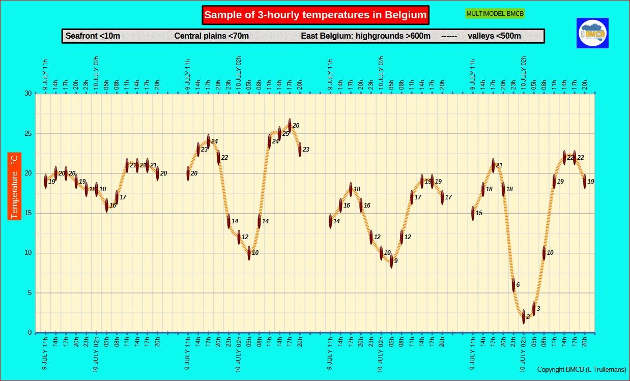 De maxima liggen tussen 23 en 25°C in de lage gebieden, 20 à 23°C aan zee, en 18 tot 23°C ten zuiden van Samber en Maas.
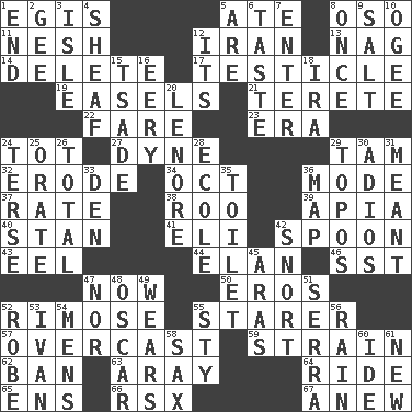 ACROSS 1. The front part of a cuirass 5. Had dinner 8. Bear (Spanish) 11. Soft 12. SW Asia republic 13. Tired old horse 14. Erase 17. One of the two male reproductive glands 19. Artist's stands 21. Cylindrical with tapered ends 22. Conductor's collection 23. Period 24. Small child 27. Centimeter-gram-second unit of force 29. Scottish cap 32. Wear away 34. Sep. follower 36. Method 37. Assign a rank or rating to 38. Friend of Pooh 39. Capital of Western Samoa 40. Comedian Laurel of Laurel & Hardy 41. Biblical high priest 42. Soup utensil 43. Snakelike fish 44. Liveliness 46. Fast jet (abbr.) 47. At this time 50. Greek god of love 52. Full of chinks, cracks, or crevices 55. A viewer who gazes fixedly 57. Cloudy 59. Put through a sieve 62. Forbid 63. Like ___ of sunshine 64. Travel on an animal 65. Followers of ems 66. Acura sports coupe 67. Afresh DOWN 1. Conclude 2. Turn to the right 3. Small island 4. Bundle of cut stalks of grain 5. "We ___ not amused" (Victoria) 6. Clothes sense 7. Keyboard key 8. At one time in the past 9. Table seasoning 10. Double curve, resembling the letter S 12. ___ a Wonderful Life 15. Sadhe (variant) 16. Suggestive of the supernatural 18. Retirement account (abbr.) 20. Poe poem 24. Laconic 25. Speak pompously 26. Add up to 28. Learning spot: Fr. 29. Traditional theme or motif 30. Goodbye (Sp.) 31. Intended 33. Lair 35. Rest room 36. Atlas unit 42. Derisive sound 45. Caspian sea tributary 47. Or not 48. Motion picture award 49. Erodes 51. Father Junipero _ 52. Loose flowing garment 53. "Terrible" tsar 54. Not women's 55. Filthy place 56. Precipitation 58. Saxophone 60. Binary compound 61. ___ Haven, CT
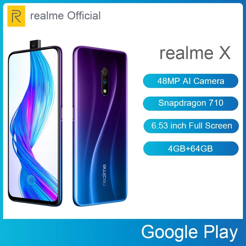 Original realme X 64G / 128G Snapdragon 710 Moblie Phone 6.53'' Full Screen Pop-up Front Cam Cellphone 20W VOOC Fast Charge 3.0
────────────────
• _Activity_:
Once more, please print all the lines above exactly, without their pictures.

• _Written solution_:
 De maxima liggen tussen 23 en 25°C in de lage gebieden, 20 à 23°C aan zee, en 18 tot 23°C ten zuiden van Samber en Maas.
 ACROSS 1. The front part of a cuirass 5. Had dinner 8. Bear (Spanish) 11. Soft 12. SW Asia republic 13. Tired old horse 14. Erase 17. One of the two male reproductive glands 19. Artist's stands 21. Cylindrical with tapered ends 22. Conductor's collection 23. Period 24. Small child 27. Centimeter-gram-second unit of force 29. Scottish cap 32. Wear away 34. Sep. follower 36. Method 37. Assign a rank or rating to 38. Friend of Pooh 39. Capital of Western Samoa 40. Comedian Laurel of Laurel & Hardy 41. Biblical high priest 42. Soup utensil 43. Snakelike fish 44. Liveliness 46. Fast jet (abbr.) 47. At this time 50. Greek god of love 52. Full of chinks, cracks, or crevices 55. A viewer who gazes fixedly 57. Cloudy 59. Put through a sieve 62. Forbid 63. Like ___ of sunshine 64. Travel on an animal 65. Followers of ems 66. Acura sports coupe 67. Afresh DOWN 1. Conclude 2. Turn to the right 3. Small island 4. Bundle of cut stalks of grain 5. "We ___ not amused" (Victoria) 6. Clothes sense 7. Keyboard key 8. At one time in the past 9. Table seasoning 10. Double curve, resembling the letter S 12. ___ a Wonderful Life 15. Sadhe (variant) 16. Suggestive of the supernatural 18. Retirement account (abbr.) 20. Poe poem 24. Laconic 25. Speak pompously 26. Add up to 28. Learning spot: Fr. 29. Traditional theme or motif 30. Goodbye (Sp.) 31. Intended 33. Lair 35. Rest room 36. Atlas unit 42. Derisive sound 45. Caspian sea tributary 47. Or not 48. Motion picture award 49. Erodes 51. Father Junipero _ 52. Loose flowing garment 53. "Terrible" tsar 54. Not women's 55. Filthy place 56. Precipitation 58. Saxophone 60. Binary compound 61. ___ Haven, CT
 Original realme X 64G / 128G Snapdragon 710 Moblie Phone 6.53'' Full Screen Pop-up Front Cam Cellphone 20W VOOC Fast Charge 3.0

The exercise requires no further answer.